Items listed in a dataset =
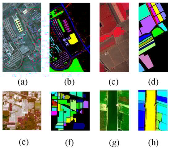 The false-color images and ground-truth maps. (a,b): Pavia University. (c,d): Salinas. (e,f): Indian Pines. (g,h): LongKou.
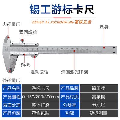 Tin work vernier caliper high carbon steel high precision 0-150mm 200/300mm measuring depth height vernier caliper
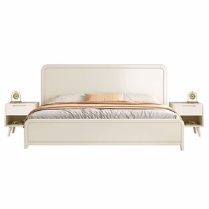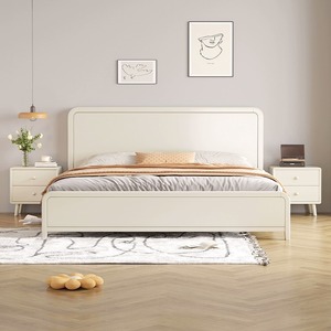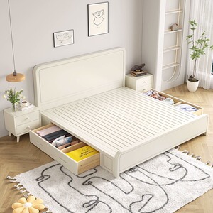 北欧白色全実木ベッド現代シンプルクリームスタイル1.8メートルダブルベッド1.5主臥王女収納ベッド
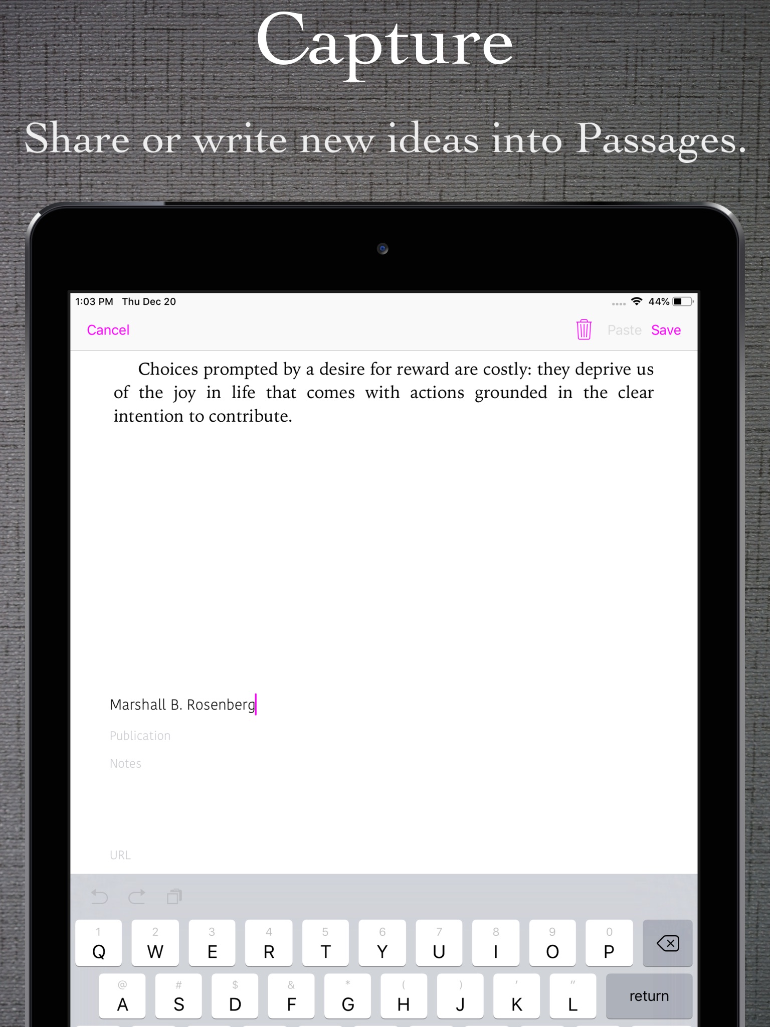 - A share extension so you can easily capture quotes from reading apps and the browser
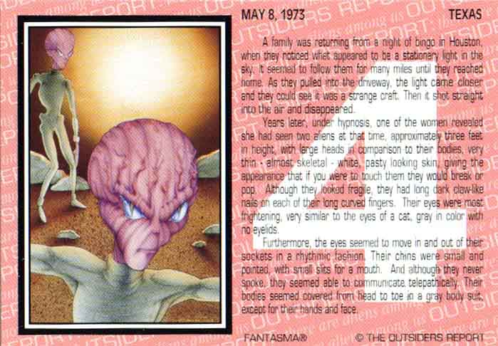 В литературе о инопланетянах нет описания встречи, датированной 8 мая 1973 года. Но есть рассказ о майском происшествии в Техасе без указания конкретной даты. Эта история похожа на историю, рассказанную на карточке, но более подробная и жестокая:
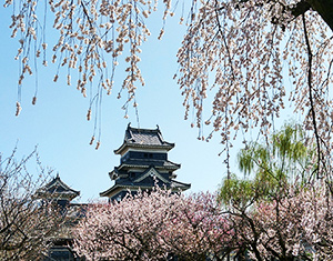 枝垂れ桜と梅の競演(3/29 松本城)2021.03.29やっぱり早い今年の桜。でもまだ開花したばかりです
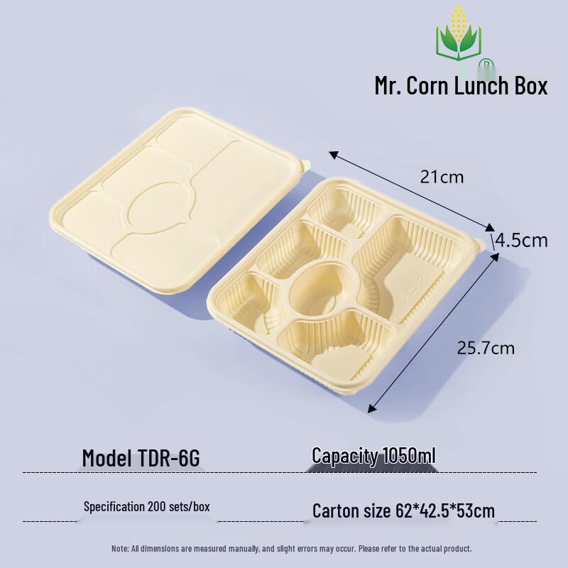 Disposable 5-Compartment Corn Starch Lunch Box
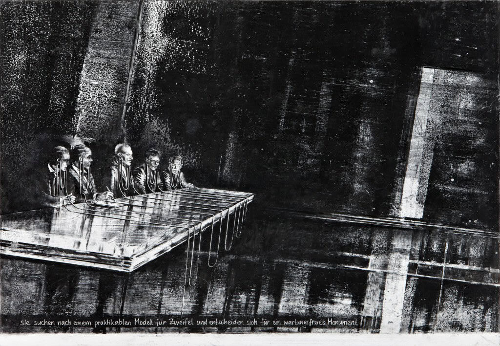Die Unmittelbarkeit des Zeichnens ist Voraussetzung für die gleichzeitige Begehung und Beobachtung der Übergänge zwischen Wahrnehmen und Denken. Auf diese Übergänge habe ich es abgesehen. Ich arbeite mit Bildern als primärem Erkenntniswerkzeug. Dies nicht im Hinblick auf einen ruhenden Sinn, sondern auf einen Sinndrall. Ich suche Alternativen zum statischen Sinnbegriff und stehe in der Untersuchung der Grenzen der Untersuchbarkeit da, wo die Komplexitätsreduktion, die jeder Untersuchung innewohnt, in der Strömung ihren Halt verliert. Hier kann ich dem Verhalten von Bedeutung in prekären und exponierten Zonen zuschauen. Es ist eine zeichnerische Suche nach Situationen knapp vor oder neben dem entspannenden Zustand der Kausalität und die Arbeit mit den Aufbau- und Zerfallsenergien von Bedeutungen. Ich arbeite mit der affirmativen Qualität, welche gegenständliche Bilder primär ausstrahlen und suche bildhafte Klarheit als informationsversagendes Material: weder funktionale Informationsverdichtung noch Nonsens-Verbindung, sondern ein dringender Zugang auf eine Frage, die ihrer Konsistenz und Größe wegen nicht direkt und final erschlossen, sondern scharf umspielt werden kann.
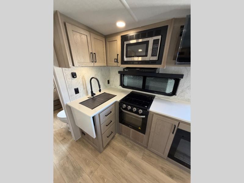 This double slide out travel trailer is perfect for weekend trips or extended stays! Your crew can play a game around the U-shaped dinette, relax on the theater seat across from the TV, or visit outdoors under the 21' awning. The fully-equipped kitchen allows you to make meals each day, and the walk-thru bath is easily accessible for everyone to use. This model also includes a front master bedroom with a queen bed, a wardrobe slide out, and one of the dual entry doors for convenience!
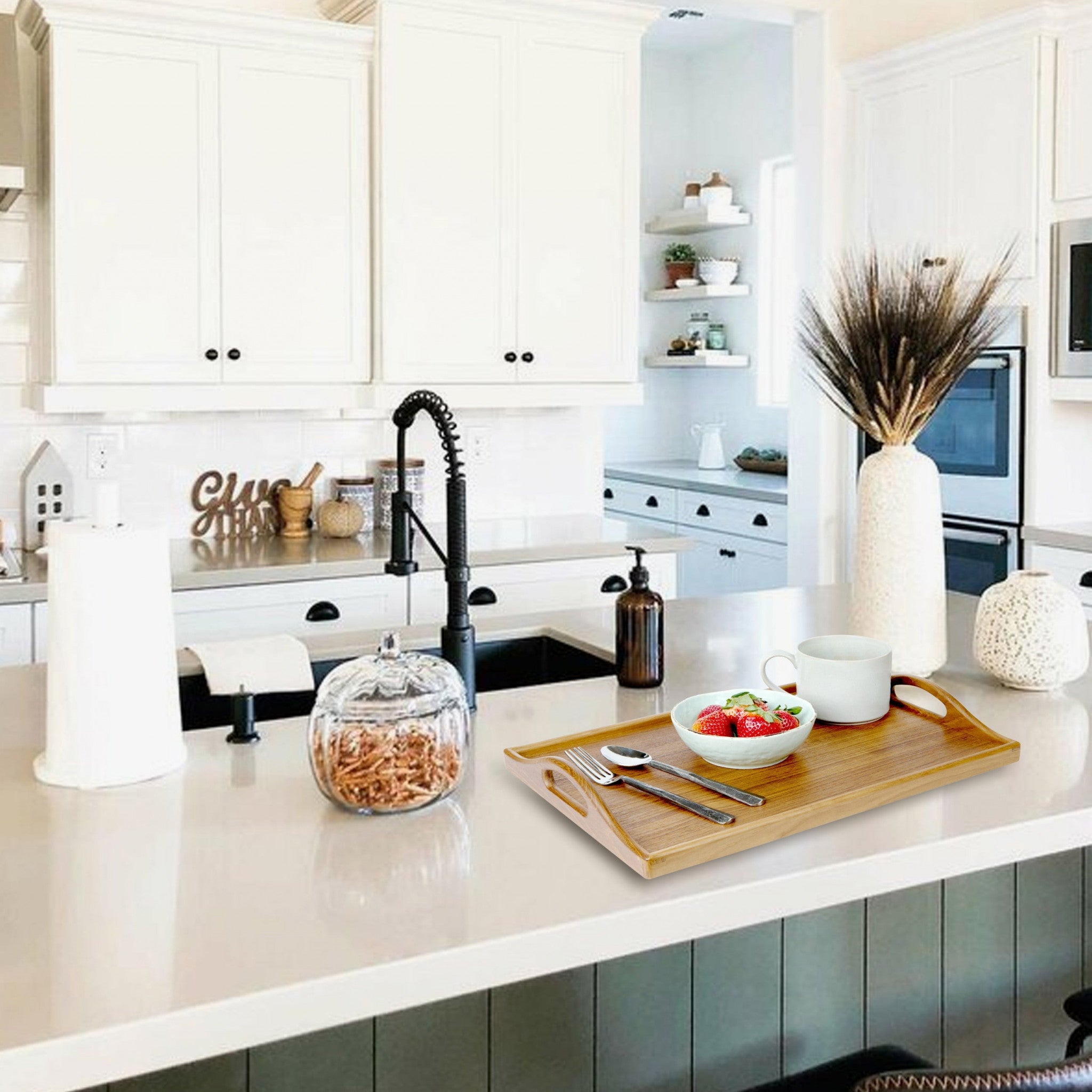 - Convenient and gorgeous, this Designer Solid Teak 19" Serving Tray is all you need for serving and entertaining. This genuine teak wood tray is high quality and looks good enough to sit out all year long. Cut out handles on the side make it easy and comfortable manuver around with the tray, making this the ideal vehichle for breakfast in bed! Teak is naturally water and mold resistant making it a great option for use indoors or outdoors. 1.9" x 18.8" x 12.3".

TASK = Set down exactly the lines from the start of the records through the line containing "Disposable 5-Compartment Corn", both included, and omit the pictures.

WRITTEN REPLY =
 The false-color images and ground-truth maps. (a,b): Pavia University. (c,d): Salinas. (e,f): Indian Pines. (g,h): LongKou.
 Tin work vernier caliper high carbon steel high precision 0-150mm 200/300mm measuring depth height vernier caliper
 北欧白色全実木ベッド現代シンプルクリームスタイル1.8メートルダブルベッド1.5主臥王女収納ベッド
 - A share extension so you can easily capture quotes from reading apps and the browser
 В литературе о инопланетянах нет описания встречи, датированной 8 мая 1973 года. Но есть рассказ о майском происшествии в Техасе без указания конкретной даты. Эта история похожа на историю, рассказанную на карточке, но более подробная и жестокая:
 枝垂れ桜と梅の競演(3/29 松本城)2021.03.29やっぱり早い今年の桜。でもまだ開花したばかりです
 Disposable 5-Compartment Corn Starch Lunch Box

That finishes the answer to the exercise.